The American breeders have a strong belief in hemp-seed as a safe preventive of repeated abortion ; fluid extract of Indian hemp is also recommended.
After-risks from Abortion. The risk which a cow runs after abortion is not getting rid of the cleansing after-birth or placenta, it not being in a state to separate from the womb. Should it remain it will soon corrupt, and send forth a nauseous smell to the detriment of the other cows. Sometimes it must be taken away, but laxative medicine and food will generally bring about its removal.

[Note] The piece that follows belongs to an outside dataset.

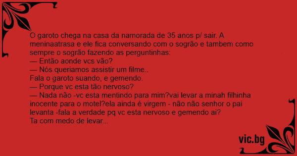 O garoto chega na casa da namorada de 35 anos p/ sair. A meninaatrasa e ele fiса conversando com o sogrão e tambem como sempre o sogrão fazendo as perguntinhas:
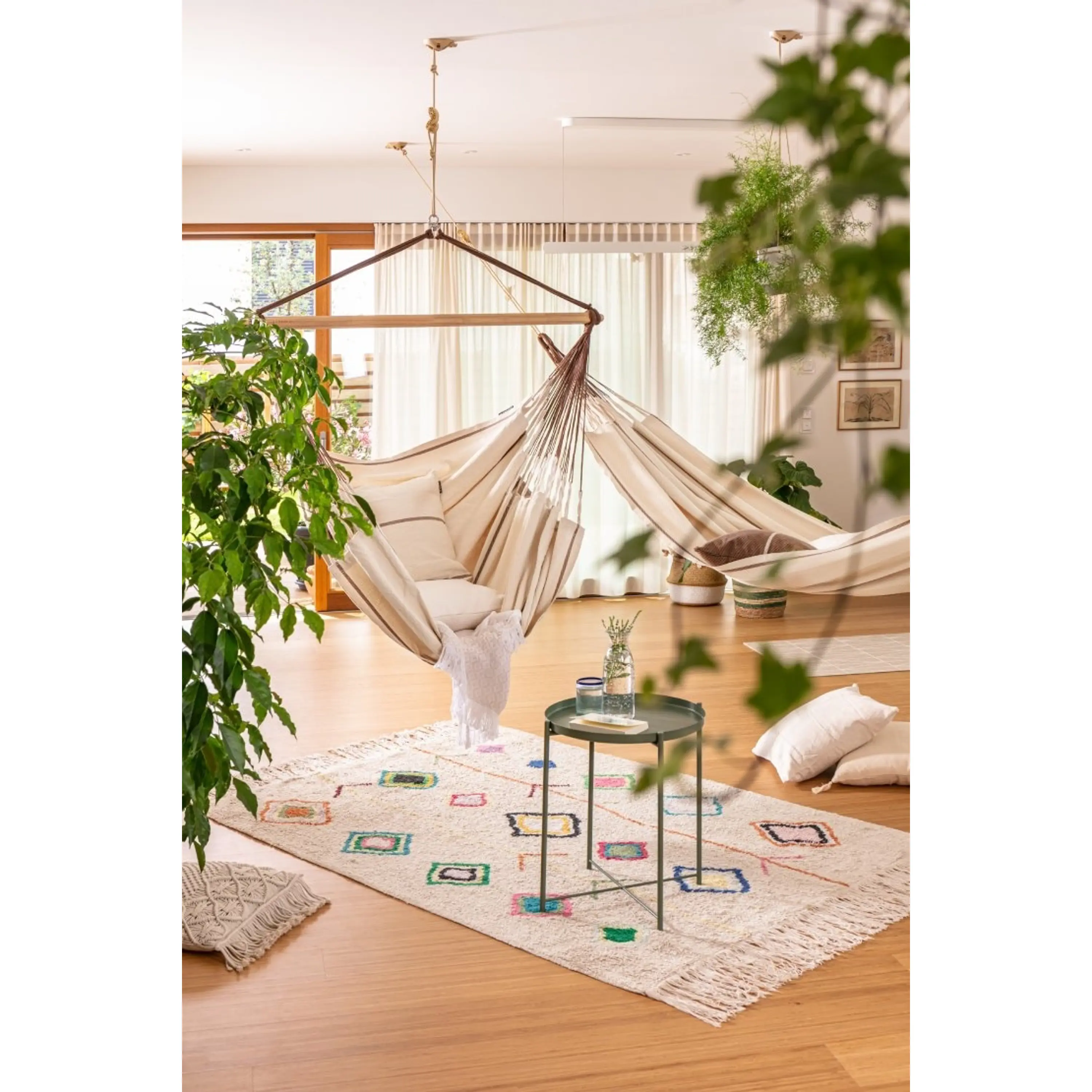 Jej veľkorysé rozmery, 210 cm na dĺžku, pozývajú k odpočinku v sede aj v ľahu a svojim pohodlím sa vyrovná hojdacím sieťam. Kvalitná látka je vďaka dlhým vláknam mimoriadne hebká a výnimočne trvanlivá. Zdvojené útky na jej okrajoch zabraňujú roztrhnutiu. Certifikácia GOTS zase zaručuje, že aj farbivá spĺňajú najprísnejšie environmentálne kritériá. Tiež rozperná tyč je vyrobená z kvalitného bambusového dreva pochádzajúceho z udržateľného lesného hospodárstva. Vďaka špeciálnej technológii spracovania má príjemne hladký povrch a taktiež jej odolnosť proti poveternostným vplyvom je mimoriadna.

Abortion is often spoken of as being infectious, but it has no property in common with any contagious disease; and sympathetic influence is the main cause of its occurrence amongst numbers in a herd. The result, however, is as bad as if direct contagion had occasioned it. It usually spreads like an epidemic. When a cow slips her calf she should be at once removed from the rest of the herd and disinfectants used. Lime is good.